### Data excerpt
--*--

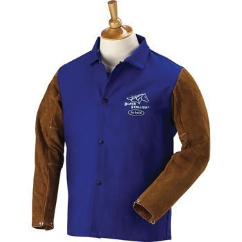 BLACK STALLION Hybrid 9 oz. FR and Cowhide Welding Coat - 30" Royal Blue/Brown - XL [並行輸入品]
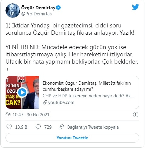 Kişisel Twitter hesabında yaptığı paylaşımlarda ilk olarak “İktidar yandaşı bir gazetecimsi, ciddi soru sorulunca Özgür Demirtaş fıkrası anlatıyor. Yazık! Yeni trend: Mücadele edecek gücün yok ise itibarsızlaştırmaya çalış. Her hareketimi izliyorlar. Ufacık bir hata yapmamı bekliyorlar. Çok beklerler” ifadesini kullandı.
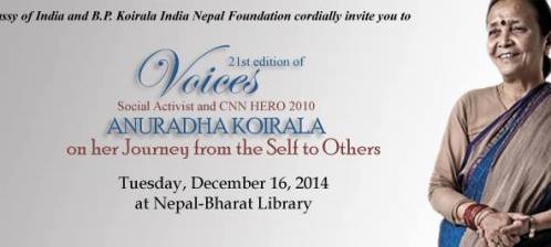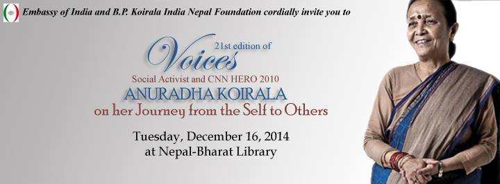Embassy of India and B.P. Koirala India-Nepal Foundation cordially invite you to 21st edition of Voices. In this edition of Voices, eminent social activist and CNN HERO 2010, Anuradha Koirala will share about her journey from the Self to Others. The intera..
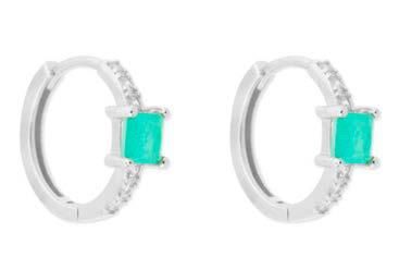 Pendientes Liska Plata MED390A-V Aro Circonita Cuadrada Verde

--*--

### Try it
The whole listing above, word for word: repeat it with the pictures excluded.

### Reply
 BLACK STALLION Hybrid 9 oz. FR and Cowhide Welding Coat - 30" Royal Blue/Brown - XL [並行輸入品]
 Kişisel Twitter hesabında yaptığı paylaşımlarda ilk olarak “İktidar yandaşı bir gazetecimsi, ciddi soru sorulunca Özgür Demirtaş fıkrası anlatıyor. Yazık! Yeni trend: Mücadele edecek gücün yok ise itibarsızlaştırmaya çalış. Her hareketimi izliyorlar. Ufacık bir hata yapmamı bekliyorlar. Çok beklerler” ifadesini kullandı.
Embassy of India and B.P. Koirala India-Nepal Foundation cordially invite you to 21st edition of Voices. In this edition of Voices, eminent social activist and CNN HERO 2010, Anuradha Koirala will share about her journey from the Self to Others. The intera..
 Pendientes Liska Plata MED390A-V Aro Circonita Cuadrada Verde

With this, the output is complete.